• **SOURCE DATA**
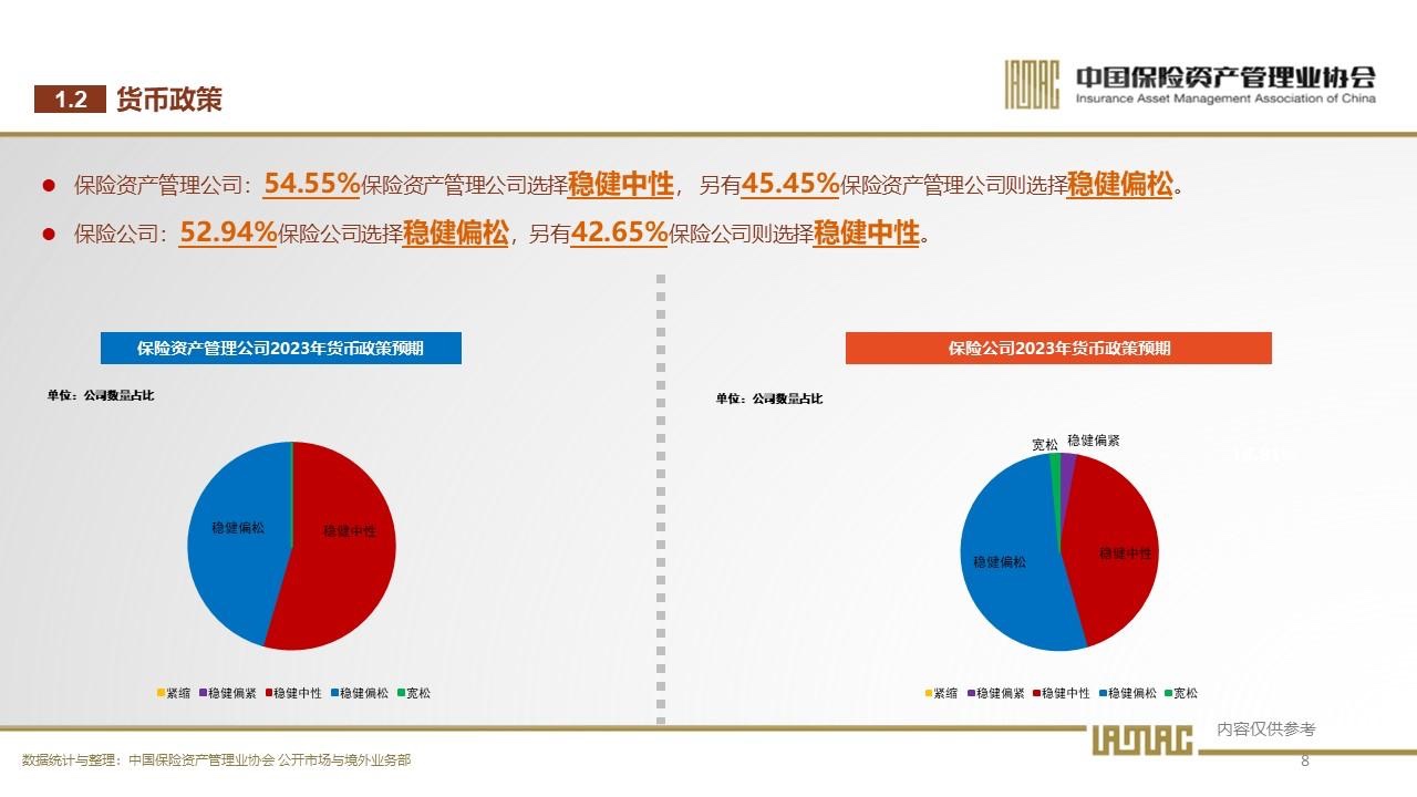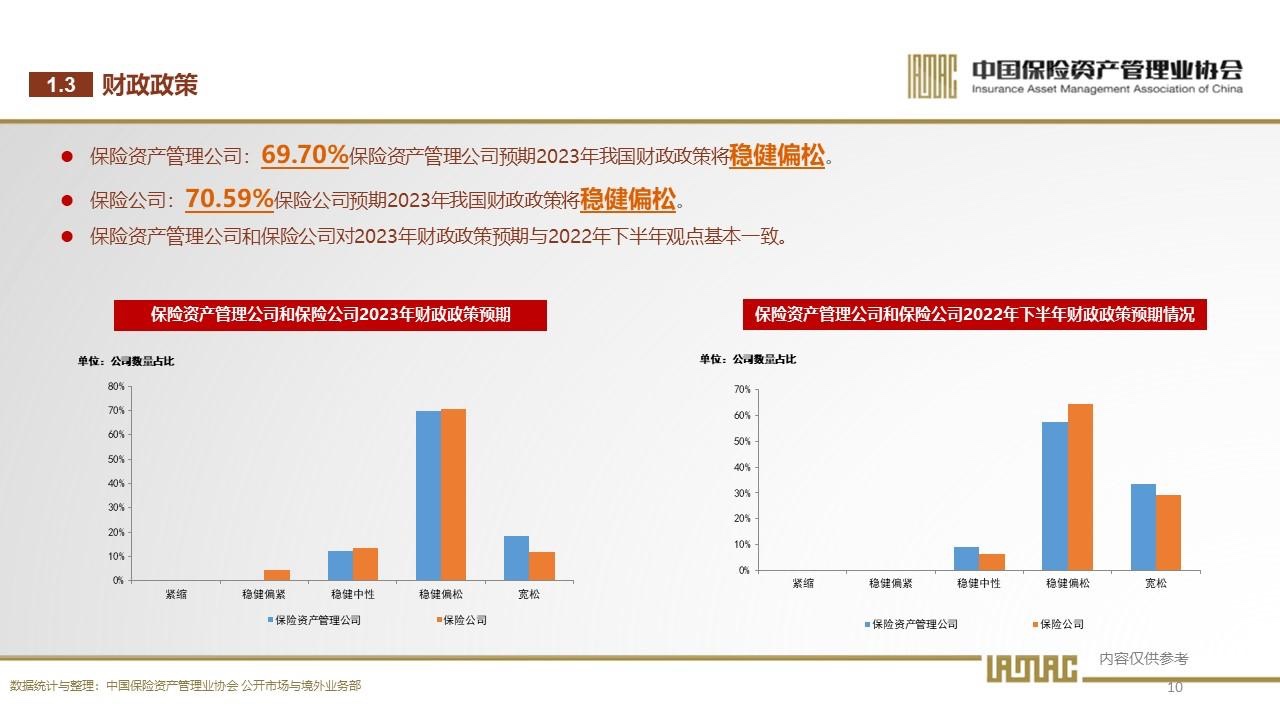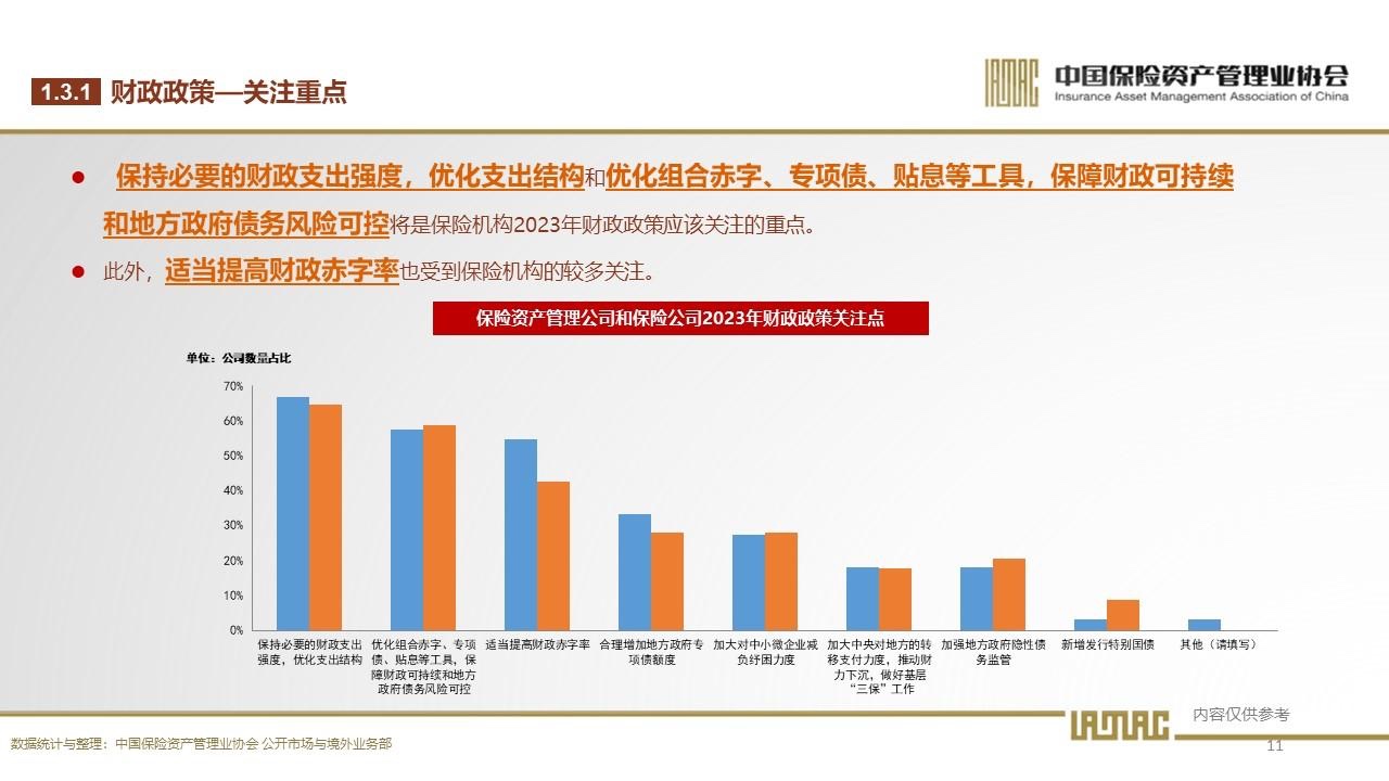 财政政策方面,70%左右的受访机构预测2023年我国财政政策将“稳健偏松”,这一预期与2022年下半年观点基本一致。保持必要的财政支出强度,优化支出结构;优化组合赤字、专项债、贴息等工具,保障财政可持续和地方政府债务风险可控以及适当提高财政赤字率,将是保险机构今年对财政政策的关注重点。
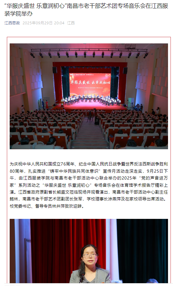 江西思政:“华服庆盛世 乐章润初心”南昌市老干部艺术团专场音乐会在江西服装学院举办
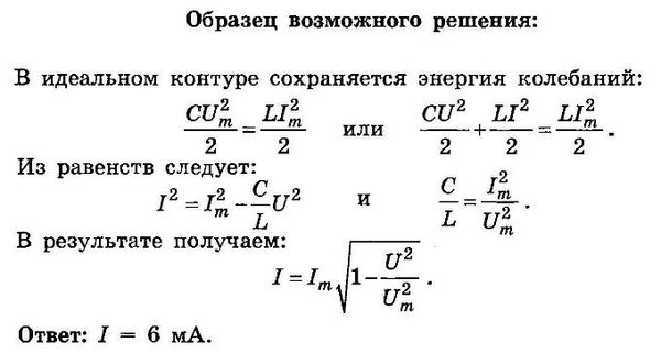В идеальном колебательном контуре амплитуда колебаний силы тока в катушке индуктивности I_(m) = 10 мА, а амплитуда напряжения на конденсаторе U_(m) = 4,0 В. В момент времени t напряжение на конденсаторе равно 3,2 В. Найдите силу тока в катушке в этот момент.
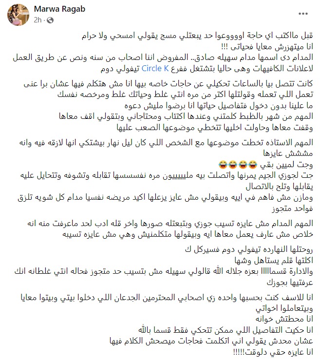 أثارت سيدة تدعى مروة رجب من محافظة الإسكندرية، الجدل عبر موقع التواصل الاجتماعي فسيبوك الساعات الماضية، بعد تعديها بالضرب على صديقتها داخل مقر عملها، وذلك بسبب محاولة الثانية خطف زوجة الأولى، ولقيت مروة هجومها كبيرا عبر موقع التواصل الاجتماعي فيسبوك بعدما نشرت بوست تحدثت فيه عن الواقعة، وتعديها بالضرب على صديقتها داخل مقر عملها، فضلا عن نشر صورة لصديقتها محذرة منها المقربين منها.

• **WHAT THIS TASK INVOLVES**
Return every line of the listing exactly, leaving its pictures behind.

• **ANSWER TO THE PROBLEM**
 财政政策方面,70%左右的受访机构预测2023年我国财政政策将“稳健偏松”,这一预期与2022年下半年观点基本一致。保持必要的财政支出强度,优化支出结构;优化组合赤字、专项债、贴息等工具,保障财政可持续和地方政府债务风险可控以及适当提高财政赤字率,将是保险机构今年对财政政策的关注重点。
 江西思政:“华服庆盛世 乐章润初心”南昌市老干部艺术团专场音乐会在江西服装学院举办
В идеальном колебательном контуре амплитуда колебаний силы тока в катушке индуктивности I_(m) = 10 мА, а амплитуда напряжения на конденсаторе U_(m) = 4,0 В. В момент времени t напряжение на конденсаторе равно 3,2 В. Найдите силу тока в катушке в этот момент.
 أثارت سيدة تدعى مروة رجب من محافظة الإسكندرية، الجدل عبر موقع التواصل الاجتماعي فسيبوك الساعات الماضية، بعد تعديها بالضرب على صديقتها داخل مقر عملها، وذلك بسبب محاولة الثانية خطف زوجة الأولى، ولقيت مروة هجومها كبيرا عبر موقع التواصل الاجتماعي فيسبوك بعدما نشرت بوست تحدثت فيه عن الواقعة، وتعديها بالضرب على صديقتها داخل مقر عملها، فضلا عن نشر صورة لصديقتها محذرة منها المقربين منها.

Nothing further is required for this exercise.